By the fall, Sclafani said, Cornell hopes to have enough data to begin field tests of the alternative baits next year. Most fishermen already use fish racks — the bodies of fish shorn of their meat — to supplement horseshoe crabs in their traps.
The research is being funded by New York State's Department of Environmental Conservation and the Seatuck Environmental Association, a conservation group, each contributing $75,000. St. Joseph's University in North Patchogue,also a project partner, is contributing analytical software for the trials.

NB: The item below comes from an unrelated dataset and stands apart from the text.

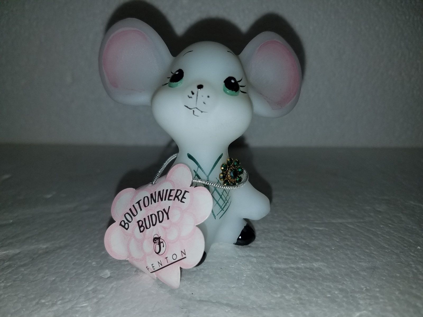 Title (ebay affiliate link): Vintage Hand Painted Fenton Milk Glass Mouse Boutonniere Buddy May w/Tag & Label
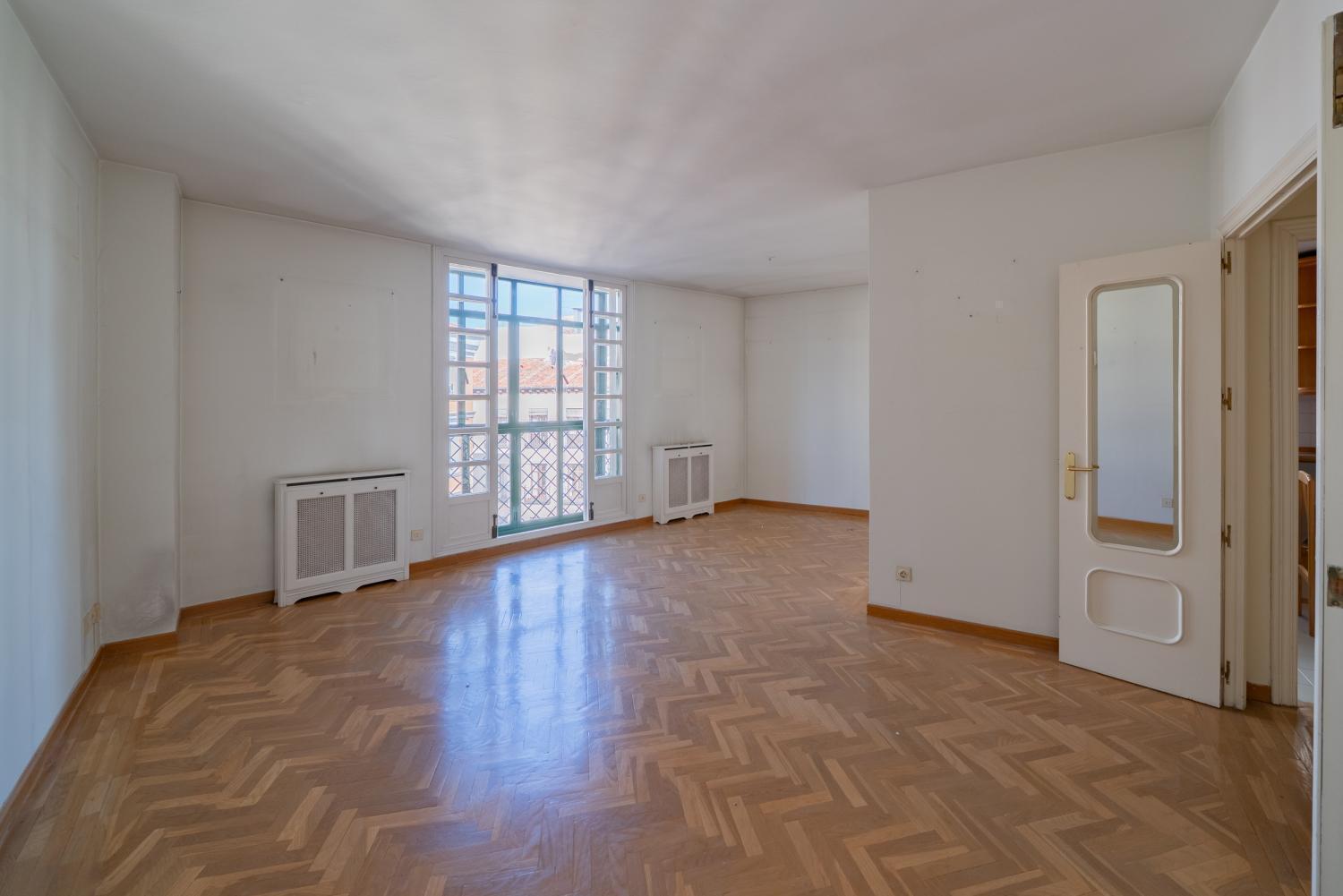 Fantástico piso exterior, super alegre y luminoso, ideal para reformar con 152 m2 según nota simple. Actualmente cuenta con 3 dormitorios y 2 baños, además de un amplio salón con salida a balcón. La vivienda ofrece múltiples posibilidades de redistribución, permitiendo adaptar los espacios a tus necesidades. Dispone de calefacción y agua caliente individual, lo que aporta comodidad y eficiencia. Además, la finca incluye una estupenda plaza de garaje nº 19 sita en la planta baja del mismo edificio.

Helping to conserve horseshoe crabs "is something that means a lot to our members," said John Turner, senior conservation policy advocate for Seatuck Environmental. Horseshoe crabs are "an iconic species that a lot of people care about."
Cornell is testing bait from shellfish and other parts bought or donated from local baymen, who will also be part of tests of new baits once the trials show promise of alternatives.
"Maybe someday someone will be able to synthesize what it is about horseshoe crabs that attract whelk," Sclafani said.
"If we find something that would be attractive to whelk, we’d bring it to the field, test that and see if it’s economically viable," he added, saying the work could have implications for the whelk fishery throughout the East Coast. "If it makes sense from fisheries' business perspective, [if] it is an affordable, reliable source, hopefully [we can] transition that into a horseshoe crab-less fishery."